## [Description of the task]
Every entry should come back exactly as written, minus the pictures.

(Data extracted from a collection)
= Beginning of Section =
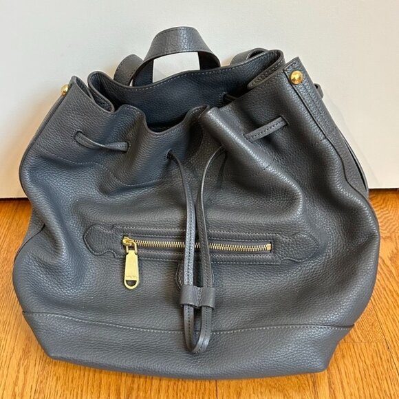 Spacious leather backpack featuring clever drawstring shoulder straps to keep your valuables safe. Contains a zippered pochette to store your wallet & phone. Made from the highest quality Italian pebble Leather.
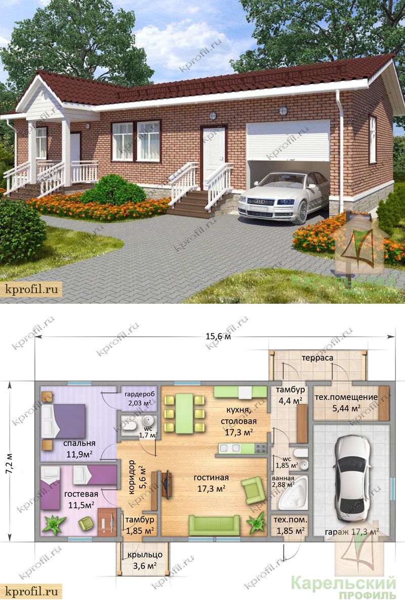 Одноэтажный каркасный дом Нурмес. Финский дом - 114 м2
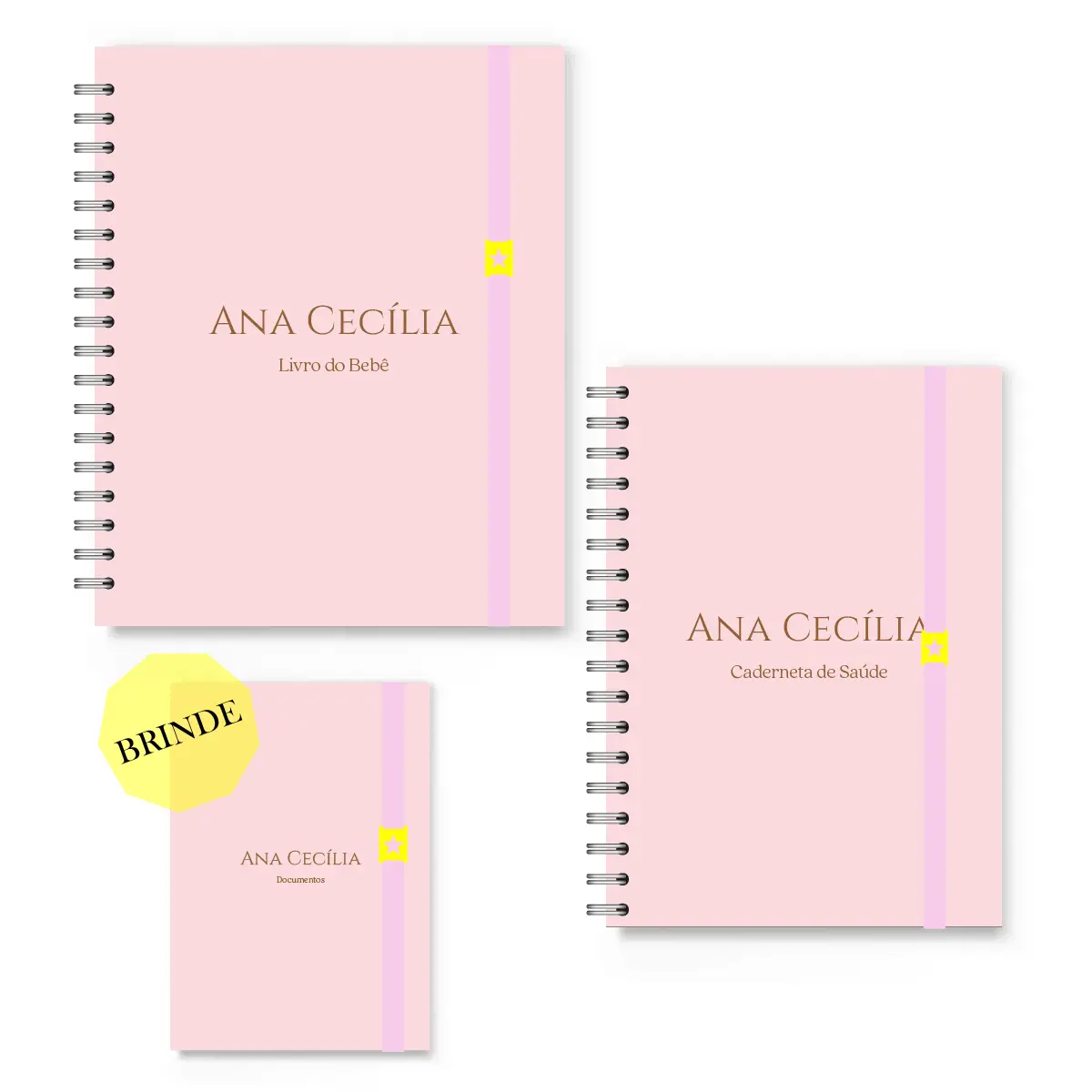 Todos os itens são personalizados com o nome do bebê na capa, tornando o conjunto único e ideal para presente de maternidade ou chá de bebê.
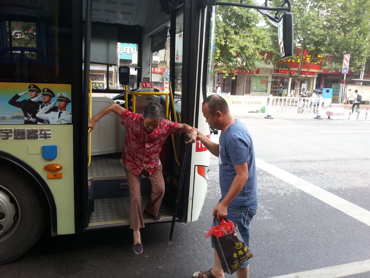 8月16日下午,在109路皖F31391公交车上发生了感人的一幕。一位老大娘由于腿脚不利索,上下车很不方便。驾驶员王辉看到这一幕,亲自把老大娘搀扶下车并把老大娘送到路边。109路的这位司机大哥用那满满的爱心给这炎热的天气送去了一丝清凉,给他点个赞。
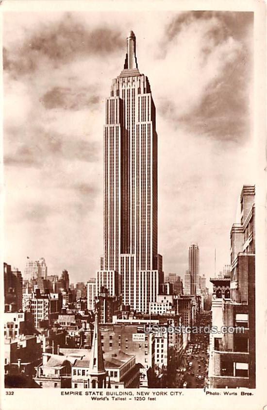 Empire State Building - New York City, NY Postcard - 1932 Grade: 2 Size: R - Regular size: Approx 3 1/2 X 5 1/2 inch (9 cm X 14 cm) Grading Scale: Grade 1 = Perfect corners Grade 2 = Very Minimal corner wear, ... Read More
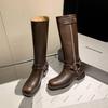 New women's leather boots leather large size tall boots autumn and winter round head versatile cowhide thick bottom non-slip Martin boots women
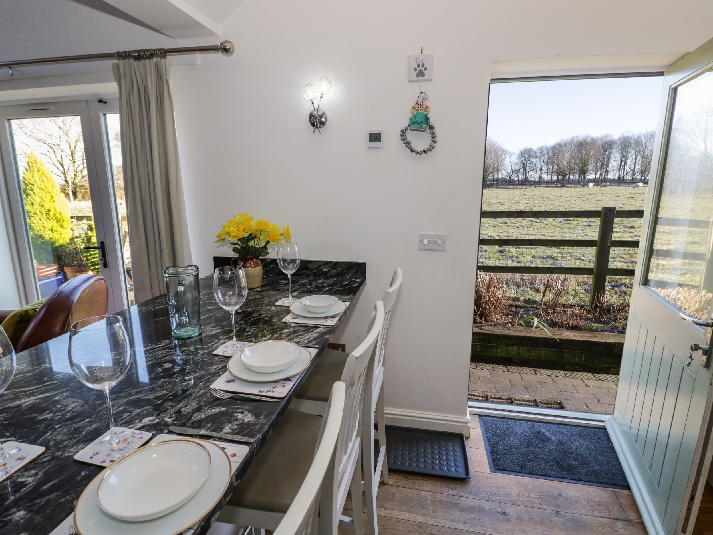Oil central heating with woodburner and underfloor heating. Electric oven and hob, microwave, fridge/freezer, washer, dishwasher, TV with Freeview, DVD, CD/Radio, iPod dock, WIFI, selection of books, games and DVDs. Fuel, power and starter pack for fire inc. in rent. Bed linen and towels inc. in rent. Off road parking for 2 cars. Enclosed outdoor area with patio, furniture. Two well-behaved dogs welcome. Sorry, no smoking. Shop and pub in local village of Barford within 2 mile distance. Note: Property may be unsuitable for people with mobility issues as there are 2 steps up the entrance
= End of Section =
## [Result below]
 Spacious leather backpack featuring clever drawstring shoulder straps to keep your valuables safe. Contains a zippered pochette to store your wallet & phone. Made from the highest quality Italian pebble Leather.
 Одноэтажный каркасный дом Нурмес. Финский дом - 114 м2
 Todos os itens são personalizados com o nome do bebê na capa, tornando o conjunto único e ideal para presente de maternidade ou chá de bebê.
 8月16日下午,在109路皖F31391公交车上发生了感人的一幕。一位老大娘由于腿脚不利索,上下车很不方便。驾驶员王辉看到这一幕,亲自把老大娘搀扶下车并把老大娘送到路边。109路的这位司机大哥用那满满的爱心给这炎热的天气送去了一丝清凉,给他点个赞。
 Empire State Building - New York City, NY Postcard - 1932 Grade: 2 Size: R - Regular size: Approx 3 1/2 X 5 1/2 inch (9 cm X 14 cm) Grading Scale: Grade 1 = Perfect corners Grade 2 = Very Minimal corner wear, ... Read More
 New women's leather boots leather large size tall boots autumn and winter round head versatile cowhide thick bottom non-slip Martin boots women
Oil central heating with woodburner and underfloor heating. Electric oven and hob, microwave, fridge/freezer, washer, dishwasher, TV with Freeview, DVD, CD/Radio, iPod dock, WIFI, selection of books, games and DVDs. Fuel, power and starter pack for fire inc. in rent. Bed linen and towels inc. in rent. Off road parking for 2 cars. Enclosed outdoor area with patio, furniture. Two well-behaved dogs welcome. Sorry, no smoking. Shop and pub in local village of Barford within 2 mile distance. Note: Property may be unsuitable for people with mobility issues as there are 2 steps up the entrance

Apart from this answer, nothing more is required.